The detectives of the 1-2-5 Precinct decide to approach this case a little differently. Annie goes undercover as the dead stewardess. She searches the stewardess' apartment and makes herself at home. When the roommates return, they are shocked to see "her" -- she's been missing for two days.
While searching the apartment, Annie finds a wad of cash stashed in the ceiling, with a datebook containing an entry for the next day, highlighted with a flight number and a seat number.
Although Annie has never been on a plane before -- or even left the state of New York -- she's game to follow through with her undercover operation.
Sam tells her that "sometimes it's nice to pretend to be someone else, somewhere else, far far away from home." He tells her a story of his childhood, when he had a pretend spaceship made from cardboard boxes. The "window" of his spaceship was a cover from the Saturday Evening Post featuring an illustration of a boy with a stewardess.

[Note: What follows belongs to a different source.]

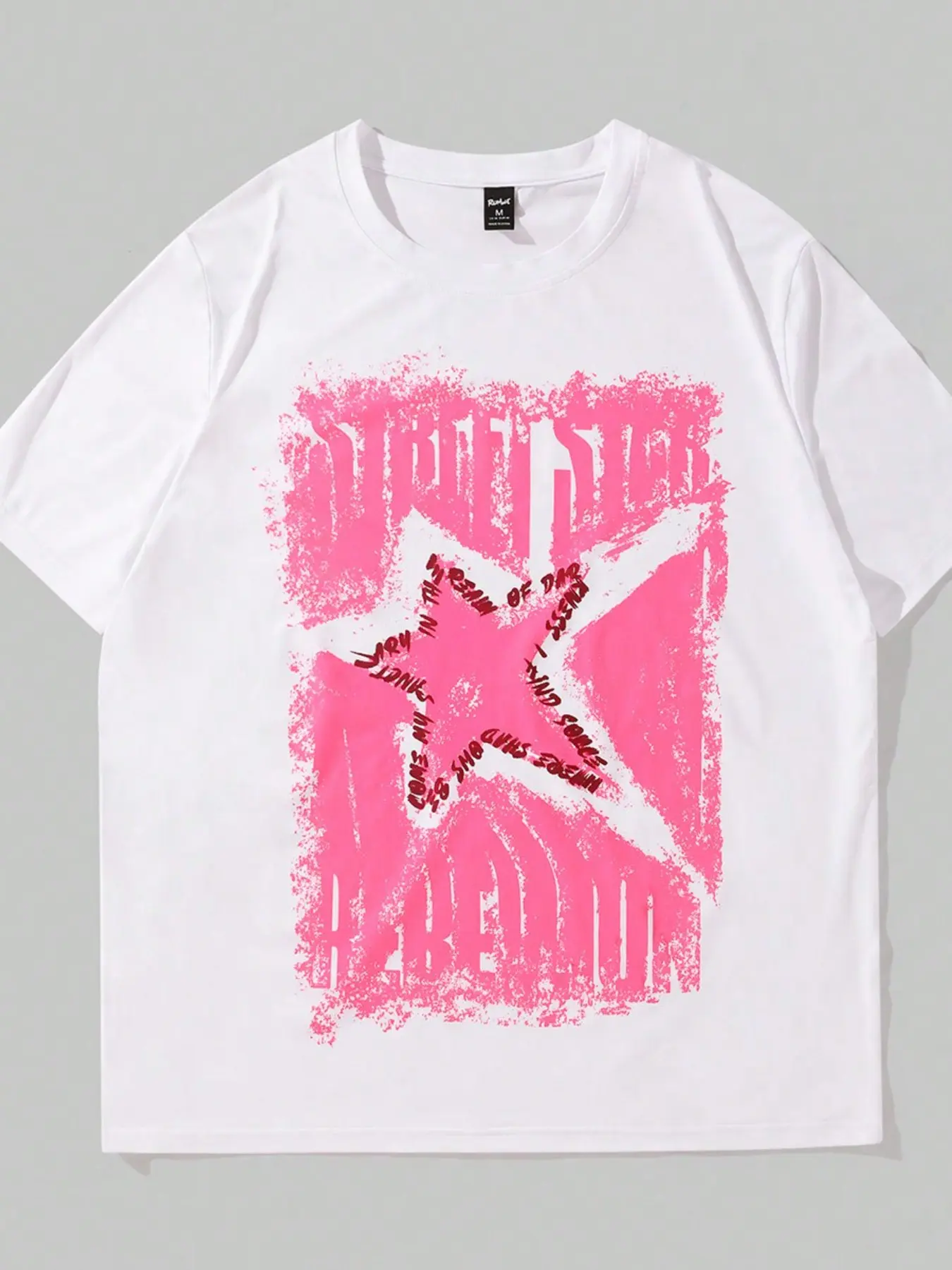 【Pink Star Pattern】: Features a unique pink star graffiti print, adding a bold and eye-catching element to the t-shirt.
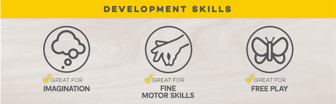 • Build out a world of fun when you introduce this classic play experience into your child’s playtime, including wooden figures, blocks, balancing blocks, cars, trains, puzzles, and clutch toys.

When it's time to fly, Sam Tyler goes undercover as a deadheading pilot. He gazes out the window, as if expecting to see gremlins. He hallucinates seeing the earth from space, like in his pretend spaceship.
The passenger in the designated seat is a frequent flyer with priors, and he looks as if he's seen a ghost when he sees Annie.
The pilot is a smarmy horn dog with a sexy, outgoing wife. They are into the swingers lifestyle. Annie gets herself invited to their next swingers key party, and takes Sam along as her "date". Sam surprises even himself when he tellers her "If you get hurt, I'll level the place."
When Lt. Gene Hunt arrives with a prostitute and Sam discovers bondage equipment in the bedroom, things get interesting....
This was an amusing episode, although the most over-used 70s cliche is the key party and sexy swinging lifestyle of pilots and stewardess. Cliche though it may be, it does provide opportunity for laughs, such as Sam's using the alias "Tom Cruise" at the party and rattling off almost every Tom Cruise movie title in casual conversation.
The music choices were excellent in this episode, as they were in the previous one.
Everything seems to be a touchstone for Sam. Was it always Annie's face on that magazine cover, or did it become Annie after he saw her in the role of stewardess?
Jealousy is a eternal truth, and it is at the heart of this episode. Sam is in love with Annie, although he doesn't realize it yet. Jealousy is what also drives the perpetrator to murder.
This episode doesn't advance Sam's time shift mystery, but it is a character building episode, Sam's childhood memory of playing in a cardboard box and his memory of the magazine cover are heart warming.